▸ **AVAILABLE DATA**

********************

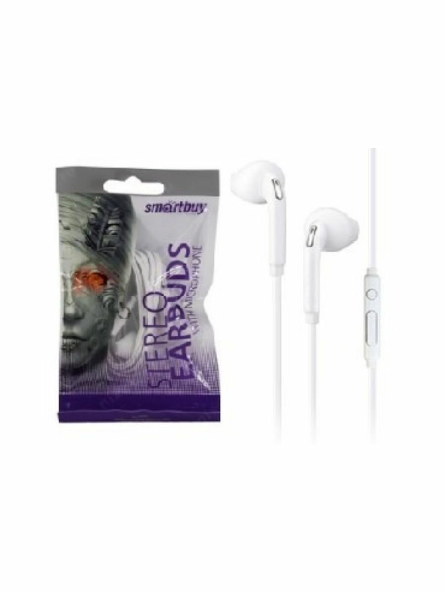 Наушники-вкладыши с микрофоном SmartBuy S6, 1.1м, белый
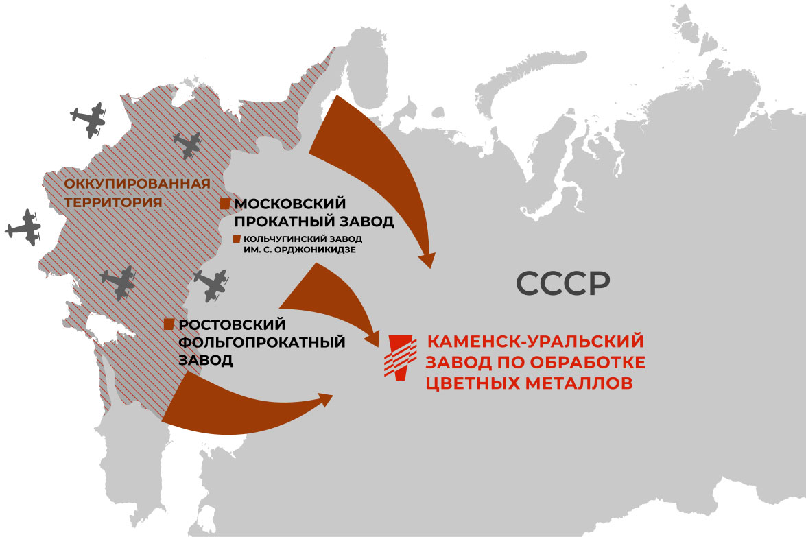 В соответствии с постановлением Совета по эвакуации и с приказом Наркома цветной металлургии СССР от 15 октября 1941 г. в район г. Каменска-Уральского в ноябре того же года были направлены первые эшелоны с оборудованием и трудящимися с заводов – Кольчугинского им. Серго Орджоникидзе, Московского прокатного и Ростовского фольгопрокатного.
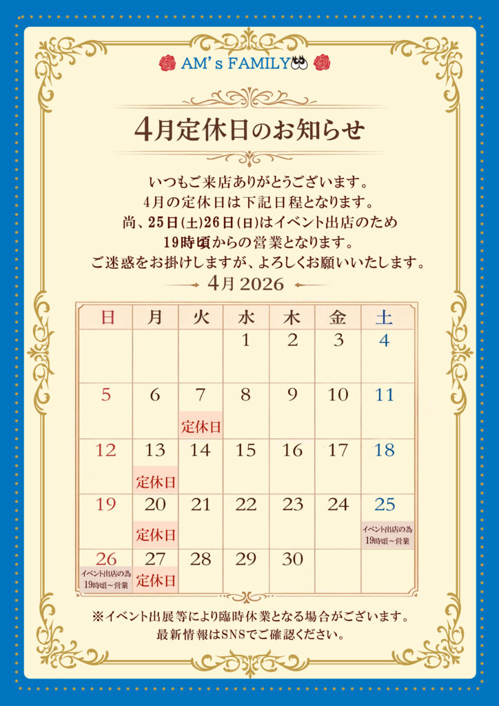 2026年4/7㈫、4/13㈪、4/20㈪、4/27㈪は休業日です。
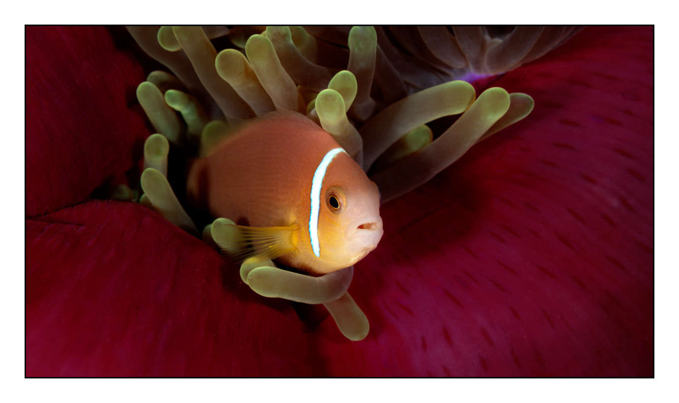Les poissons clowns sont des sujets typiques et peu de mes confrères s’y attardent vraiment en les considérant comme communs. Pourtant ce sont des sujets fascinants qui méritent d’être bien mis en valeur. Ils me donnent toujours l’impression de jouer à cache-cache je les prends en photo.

********************

▸ **WORK REQUIRED**
Retype the listing exactly. Pictures do not belong in the copy.

▸ **RESPONSE**
 Наушники-вкладыши с микрофоном SmartBuy S6, 1.1м, белый
 В соответствии с постановлением Совета по эвакуации и с приказом Наркома цветной металлургии СССР от 15 октября 1941 г. в район г. Каменска-Уральского в ноябре того же года были направлены первые эшелоны с оборудованием и трудящимися с заводов – Кольчугинского им. Серго Орджоникидзе, Московского прокатного и Ростовского фольгопрокатного.
 2026年4/7㈫、4/13㈪、4/20㈪、4/27㈪は休業日です。
Les poissons clowns sont des sujets typiques et peu de mes confrères s’y attardent vraiment en les considérant comme communs. Pourtant ce sont des sujets fascinants qui méritent d’être bien mis en valeur. Ils me donnent toujours l’impression de jouer à cache-cache je les prends en photo.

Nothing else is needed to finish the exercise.